Grid control relies on a Supervisory Control And Data Acquisition (SCADA) system which measures power and voltage at key locations of the grid. Thanks to this infrastructure, energy flow in all parts of the grid can be monitored. The deployment of Global Navigation Satellite Systems (GNSS) made it possible to achieve high synchronisation of the measurements. Phasor Measurement Units (PMUs) enable an accurate measurement of voltage and current amplitude, phase difference at different nodes relative to UTC (Universal Time Coordinated), frequency, and rate-of-change-of-frequency (ROCOF). PMUs yield better state estimations with the possibility to observe long-distance oscillations with high refresh rates (up to 50 times per second compared to once every 15 minutes for SCADA). PMUs can be used to provide more information on a denser time scale, such as ROCOF, grid inertia from frequency and ROCOF, synthetic inertia, detection of sub-synchronous oscillations, fault location identification, dynamic thermal rating of overhead lines and cables, and remote instrument transformer calibration. PMUs have been deployed widely across North America, following spectacular grid blackouts [13], and now are becoming more generally introduced in the European transmission grid as well. However, verifying their measurement accuracy under all actual grid conditions is a challenging task.
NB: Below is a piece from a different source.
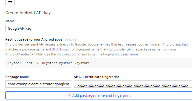 Enter the SHA-1 certificate fingerprint in the "Create Android API Key" option.

Sensors are used to measure network current, voltage and frequency, with this data aggregated to form a view of the overall network state. However, distributed generation will need distributed sensor deployments. Methods for optimising sensor placement, the use of phasor measurement units (PMUs), and state estimation using aggregated smart meter data are just a few examples that could improve network management beyond the present Supervisory Control And Data Acquisition (SCADA) systems. As an example, a 50 kV distribution network in the south-west part of the Netherlands provided data for comparing state estimation algorithms applied to PMU data with SCADA data. The grid was equipped with a SCADA system already, whereas PMUs were installed as additional monitoring devices. To what degree and to which scale the granularity of PMU installation is useful in distribution grids is the subject of further research. For shorter monitored scales, observing amplitude and phase differences between different locations requires improved voltage and current accuracy as well as a higher degree of synchronisation.

Reduced grid inertia, caused by the increased integration of grid-following renewable energy sources, requires faster responses to system instabilities. The related shorter time constants and time scales in grid control demand higher reporting rates. Dynamic phasors might not be adequate to determine the varying low inertia in the presence of disturbances such as phase steps, frequency steps, phase modulations, and so other techniques - like Hilbert Transforms - need to be investigated. Potentially, other parameters might also be necessary to guarantee system stability, such as power stability rather than inertia.

Network operators are interested in the detection of abnormal events in response to faults or changes to system dynamics. Data analytics techniques can be used to detect anomalies and atypical behaviour in power system operation and facilitate new alarm metrics for control room staff and protection systems. An example of grid instability is the build-up of oscillations in power systems due to the increasing difficulty of convertors locking onto a stable grid frequency and their intrinsic sensitivity to abnormal events.

Hence, the need for early warning indicators based on fast data analytics. Another example is the change in grid inertia due to the relative increase of distributed generation with respect to traditional generation. Measurement and control of grid inertia is one of the most important issues facing system operators in future energy scenarios.

Measurement data from different origins, such as PMUs or other monitoring devices and even the sophisticated use of smart meter data, could therefore also be used to dynamically manage power flow in networks. As high levels of renewable energy sources and electrical vehicles are installed, parts of the grid are overloaded for short periods of supply and demand. Investing in the development of data analytics to manage power flow and rating management and consumption could result in lower investments in hardware related to rating over-dimensioning or substation reinforcement, and consequently enhance penetration of renewable energy sources.

Modelling, for instance of virtual power plants for prediction before integration in a smart grid, plays an increasing role in planning phases. Measurement data can be used to validate or improve the models predicting the influence of installation on grid stability and power quality.

Conventional grid models typically assume a constant frequency for the whole network, whereas PMU measurements indicate that the frequency differs from place to place. Furthermore, the integration of new grid monitoring equipment with higher reporting rates will require models that can deal with different reporting rates. Measurement data is crucial to validate or improve new grid models, with respect to local frequency deviations as well as varied reporting rates.